The coalition challenge for Theresa May (and her successor)

The irony at the heart of Jeremy Corbyn’s leadership is the mismatch between his sources of popularity and his achievements as leader.

Perhaps his greatest source of popularity is the perception as a man of principle. (One that I disagree with given my own experience as a constituent, but one clearly many people passionately hold.)

Yet perhaps his greatest achievement is to have kept together in a large coalition people with extremely disparate views – particularly on immigration and on Europe. Despite frequent critical noises about immigration and a long record of backing Tory Euro-sceptics on Europe he has managed to outdo Tony Blair for pragmatic triangulation by keeping many staunch supporters of freedom of movement and of the European Union within the Labour coalition. And much to the frustration of many Liberal Democrats.

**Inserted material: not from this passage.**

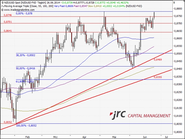 Der neuseeländische Dollar legte im Juni, ausgehend von der 0,84er-Marke, eine Rallye von über 300 Pips hin und ist inzwischen bei seinem Vormonatshoch von 0,8780 NZD/USD angekommen. Einerseits profitierte der NZD von der US-Dollar-Schwäche, andererseits von Spekulationen über weitere Leitzinserhöhungen der Reserve Bank of New Zealand. Die Official Cash Rate wurde zuletzt am 12. Juni von 3,00 auf 3,25 Prozent erhöht; für die nächste Sitzung am 24. Juli 2014 wird aufgrund der guten Konjunkturprognosen erneut eine Erhöhung erwartet.

However, he is not the only party leader having to do coalition building. As research by Jonathan Mellon and Christopher Prosser published last year shows, there’s is a coalition on the right which is at the heart of Theresa May’s leadership.

Mellon and Prosser found that people at the liberal end of the liberal-authoritarian perspective tend to favour policies that promote fairness and equality. But those at the authoritarian end are split: those better off tend to oppose such policies, those least well off tend to support them. That’s the underlying tension between the vacillation in the Conservative Party’s current approach – sometimes talking up policies to improve equality and promote fairness and then frequently recoiling to traditional comfort zones with very different outcomes.

The days of Conservatives trying to appeal to environmentally conscious liberals seem long gone; the days of the Conservatives having to struggle to hold together a coalition of voters are still very much here.

One response to “The coalition challenge for Theresa May (and her successor)”

  1. Curbing foriegn workers is one of Corbyns comments. Will Brits take over these jobs? Only if they are paid more and looking after people becomes more positive as a career. The wage cap will have to be removed.
    His eurosceptism ‘ as it is long standing will not change even if it is a falsehood’deep rooted.
    There is the problem .Long standing Labour support comes from families that have voted Labour since their granddads days. Deep rooted. Oh yes they say we do not like this or that policy but we have always be.en Labour ,change comes slowly. The same applies to the Tories we do not agree with this or that policy but we are Tories have been for years’we cannot change. Only if disaster happens (bad Brexit) will the change come .
    A reason why we need a core vote. Oh, and by the way, anybody who disagrees with our policies etc, should be encouraged to stay and change the party for the better,not leave.